The individual 1-4 legends shown in the table are explained in the website's file "Guide to the PROPHE Dataset", section on Data Substitution Guidelines”. On this site, the legends show the type of data substitution made but do not give details on the years and figures used for the substitution; please contact PROPHE if interested in such details. See also individual country notes.


Notes

PROPHE calculated private enrollment from the UIS’ data showing total enrollment and private share. PROPHE modified UIS country names to common and usually simpler ones used by the World Bank for Bolivia, Tanzania, United Kingdom, United States, Venezuela, and West Bank and Gaza, and added Kosovo as a country. Countries marked with (*) are considered remaining without PHE. 

No. Country Notes  
1 Afghanistan  Afghanistan. For Afghanistan, UIS provided only 2009 and 2011 data. However the 2009 and 2011 data are too divergent from each other. For 2009 their figures would yield a 20.5% private share (19,511/95,185) whereas for 2011their figures would yield a 1.3% private share (1,298/97,504). We turned to national data (Ministry of Education, in Aturupane, 2013), which provided 2001, 2003, 2006, 2009, and 2012 data for our estimates.
2 Algeria *  Algeria.* Algeria remains one of the few most important cases of 0 PHE, the largest case, faithful to French colonial roots. By 2014, however, concrete proposals were submitted to found private universities.
3 Barbados  Although we enter the UIS’s 0% private, we know that there is PHE in Barbados. Indeed the Barbados Accreditation Council lists 25 “post-secondary/tertiary education and training providers” but the list fails to include enrollment data.
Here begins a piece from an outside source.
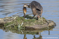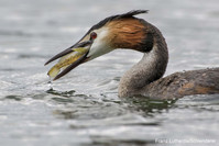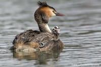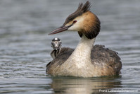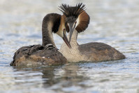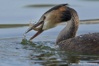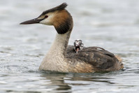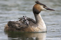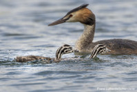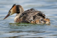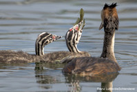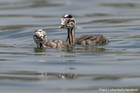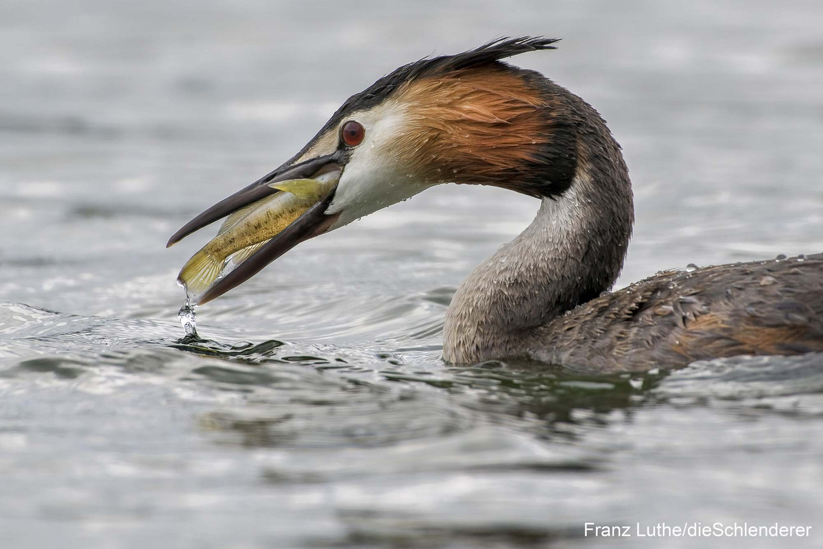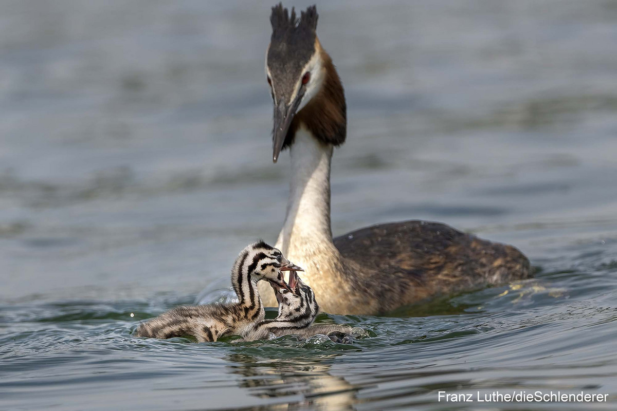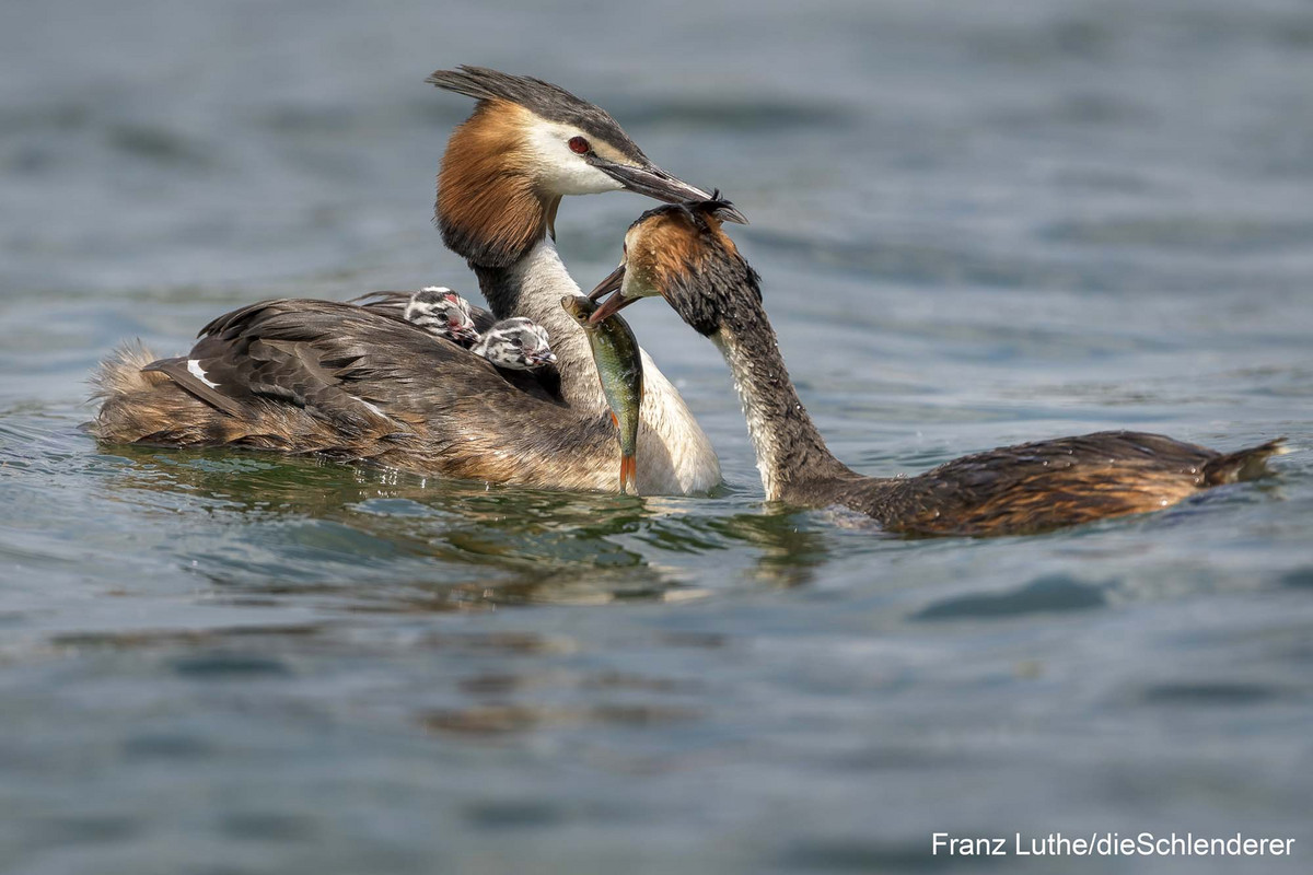 Das Haubentaucherpaar, das ich fotografiere, hält sich ziemlich nahe am Südufer des Phoenixsees zwischen dem zweiten und dritten Ponton Richtung Osten auf und ist deshalb recht gut zu beobachten. Die Eltern kümmern sich hingebungsvoll um ihre zwei überlebenden Küken. Immer wieder taucht entweder das Weibchen oder das Männchen nach kleinen Fischen oder fängt Insekten an der Wasseroberfläche. Dann schwimmt es mit kräftigen Zügen zu seiner Partnerin, auf deren Rücken es sich die beiden Jungtiere noch immer gemütlich machen. Die Fische sind klein genug, sodass sie problemlos von den Küken hinuntergeschluckt werden können. Die größeren Fänge werden von den Eltern selber vertilgt. Zwischendurch werden kleine Daunenfedern verabreicht, sie sollen die empfindliche Schleimhaut im Magen der Kleinen gegen die scharfkantigen Fischgräten schützen.

All we can say is that the private share is small, surely under 10% and probably under 5% of the undergraduate level.
4 Bhutan *  We put PHE enrollment for Bhutan as 0 because UIS showed 0 PHE enrollment in 2008. Bhutan remains without PHE, though now establishment of PHE is very much discussed.
5 Botswana  UIS did not provide PHE data for Botswana until their updates in 2016, offering data from 2008 to 2014. Our current estimates use these newly available data, although we had previously done our estimates using national data for 2008 (in Molutsi, 2009) and 2010 (in Tertiary Education Council, 2012). National data shows the private share as 40.0% for 2010. Estimates using national data showed it as 16.4% for 2005 and 6.7% for 2000, which are close to current estimates using UIS data.
6 Canada  UIS shows the public sector at 1,430,169 for 2010. Canada does not gather data on its national PHE even though PHE undeniably exists. Adding PROPHE’s 190,000 estimate to the reported public figure yields our total higher education enrollment of 1,620,169 and thus our PHE share of 11.7%. Our PHE figure is a compilation of estimates for PHE’s three components. For these estimates three leading experts—Scott Davies, Glen Jones, and Hans Schuetze—were consulted through emails as well as their pertinent publications. PROPHE has sometimes compromised among their estimates, and the experts are unanimous that all PHE figures are estimates only. Private universities (what Canadians often consider higher education as opposed to post-secondary) thus enter as 35,000. Easily the largest private enrollment is in career colleges. Our 135,000 estimate is deflated as these data are gathered from only those provinces with the largest enrollment and probably omit many language and similarly specialized institutions but inflated by the inclusion of programs only loosely qualifying as post-secondary and of part-time student (with full-time equivalency data not available). The third category is CEGEP, two-year general and vocational colleges in Quebec. Although often thought of as public, these institutions have private, religious status; they thus appear somewhat akin to “private/government-dependent” (and PROPHE tabulates as private).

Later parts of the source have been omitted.